On Wednesday, the next little stink bomb dropped. Bob ‘Watergate’ Woodward leaked a snippet of a telephone interview he conducted with the President in February. Why Donald Trump decided to speak with the notoriously sketchy Woodward is a question for the ages. But he did. And when they got around to the Chinese virus, at that time still an amorphous threat, Trump frankly admitted that he endeavored to soft pedal the threat. ‘I wanted to always play it down,’

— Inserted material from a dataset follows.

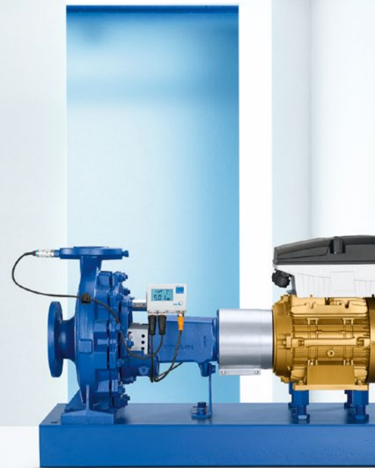
A product of perfect partnering: Etanorm

“My parents and grandparents worked for KSB, and I was determined to follow them. One great thing I find is that despite all its global activities, the company has kept a family atmosphere.”

he said. ‘I still like playing it down, because I don’t want to create a panic.’
At the Thursday news briefing, ABC’s Jonathan Karl got to ask the
first question. ‘Why did you lie to the American people,’ he began.
Right. The President rightly objected to the tone of the question but then went on to point out that he was leading, not lying. Leading vs lying: it’s a pertinent distinction that went over the heads of Karl and his piranha-like colleagues (actually, they probably understood it but are constitutionally incapable of giving Trump credit for anything).
The whole sorry performance was as pathetic as it was mendacious. As Victoria Taft and others
have noted, the idea that Trump should be faulted for downplaying the threat of the coronavirus is risible since, although he said calming things, he took effective action at the time and was roundly denounced by the Democrats for doing so.